X ray chest in upright position helps in detecting pneumothorax, but in supine position air tracks to the anterior costophrenic sulcus. Thus radiographic signs of pneumothorax in supine position tends to be more subtle with approximately 30% of pneumothoraces going undetected. , In case of difficulty in diagnosing a pneumothorax in supine patients, modalities such as thoracic ultrasound and CT scan can be beneficial, but these were not available to us in the operating room. Rowen et al found that USG had an estimated sensitivity and negative predictive value of 100% & specificity of 94%.  40 % Pneumothorax or 80 % pneumomediastinum not visible on plain chest radiographs can be seen with CT scan.  Non specific ECG changes such as decrease in amplitude of ECG complex may occur before clinical symptoms developed.  Right axis deviation, precordial T wave inversion & electrical alternans are other ECG changes seen with tension pneumothorax.  However, it was normal in our case. Since patient gave history of chest pain but no other clinical or investigational features of pneumothorax, he was kept on conservative management for 24 hours. There may be a latent period of variable duration between the needle insertion into the pleura and development of pneumothorax. If the size of puncture on the lung surface is small it may be sealed off before symptomatic pneumothorax develops. , However if the size of puncture is large and when patient exerts,the air may leak into the pleural space resulting in clinical presentation of pneumothorax. The delayed pneumothorax in our patient could either be due to rent opening up on third postoperative day when patient exerted or because of x-rays not showing pneumothorax as they were done in supine position. Upright x-ray done on third postoperative day showed pneumothorax requiring intercostal tube drainage.

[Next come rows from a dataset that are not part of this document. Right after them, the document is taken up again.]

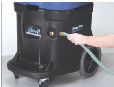
Connect an ordinary garden hose for handy waste water discharge.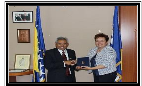
Ambassador with Minister Marina Pendes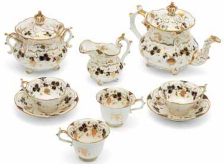
61 A ROCKINGHAM TEA SERVICE Circa 1830 Decorated in dark blue and gilt with a fruiting vine, comprising teapot and cover, sucrier and cover, milk jug, slop bowl, eight teacups, eight coffee cups, eleven saucers and two large plates, some pieces with puce printed factory mark (35) £300 - 500 €330 - 550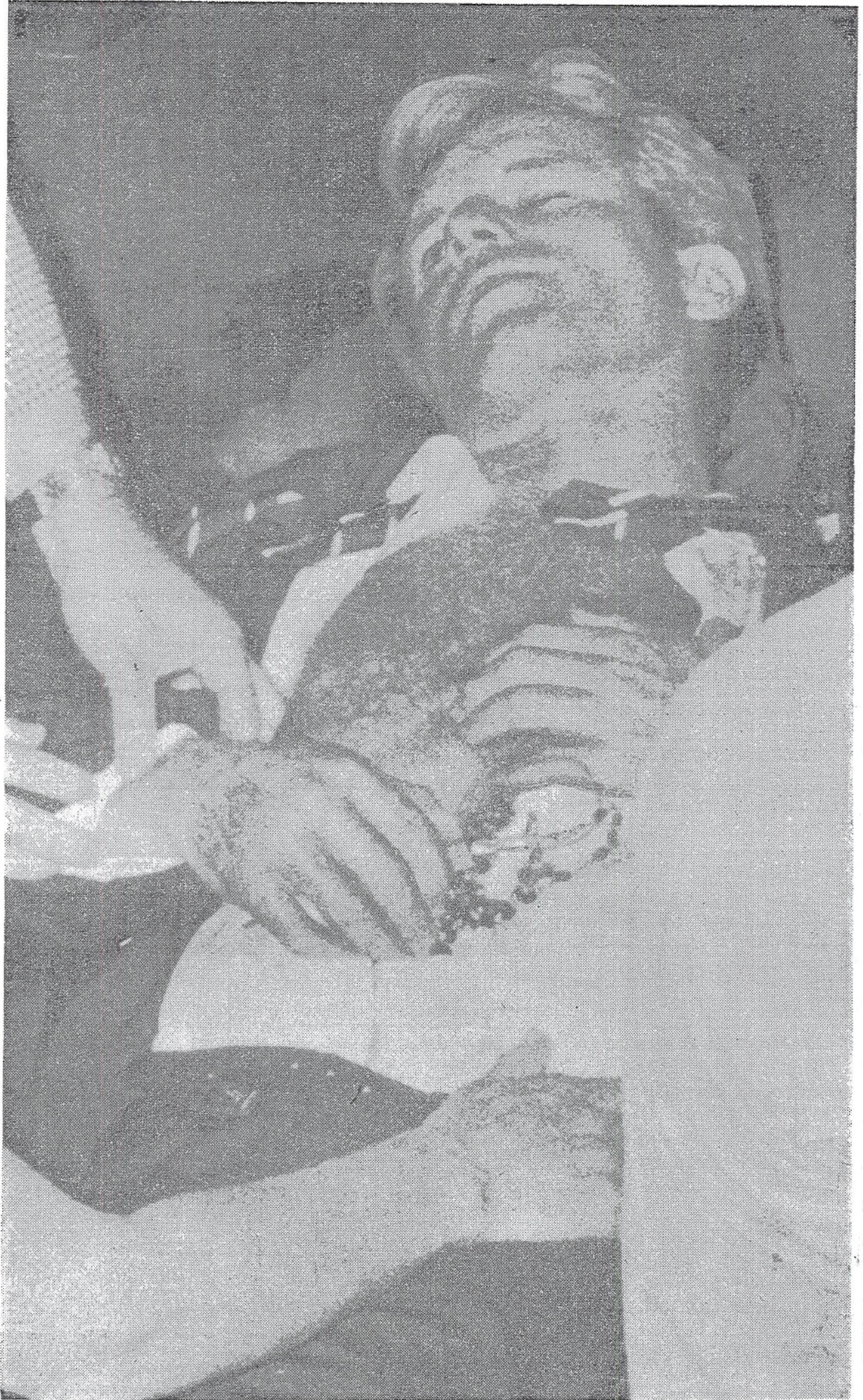
Clutching a rosary given him by a priest, Kennedy lies on floor of the hotel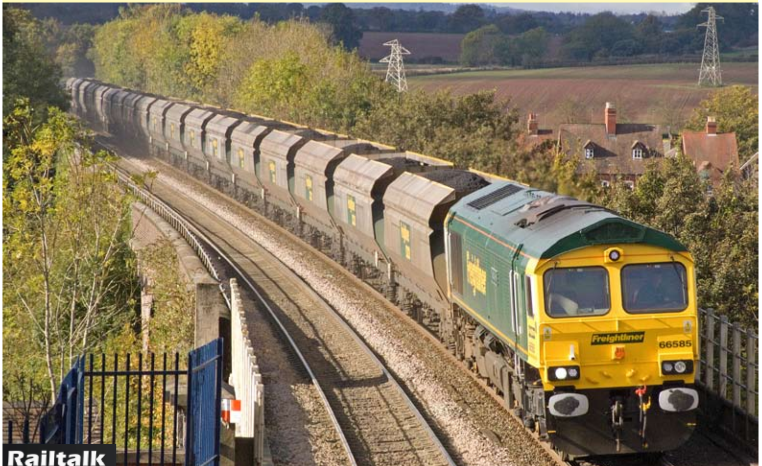
Below: 66585 works the 6Z82 Portbury - Rugeley seen here passing Shifnal on the 17th October.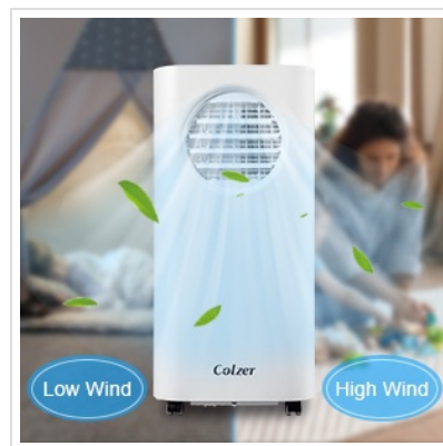
Figure 6: Visual representation of the adjustable fan speeds, offering both low and high wind settings for customized airflow.

Circulate air without cooling or dehumidifying. Choose between low and high fan speeds to suit your preference.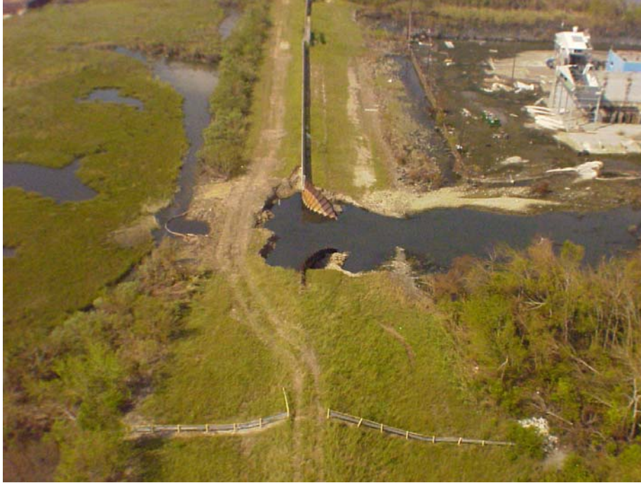
Figure 5 Hydrogen Plant (Air Products) Breach. I-wall failure (Photo S-32)

We therefore suggest that whenever pleural puncture or pleuritic pain occurs, one should not rely only on X-ray chest that too in supine position. On table portable ultrasound may be useful adjunct in diagnosing even a minimal pneumothorax. Serial chest X-ray for 3 days may be done, keeping in view the possibility of latent pneumothorax after brachial plexus block.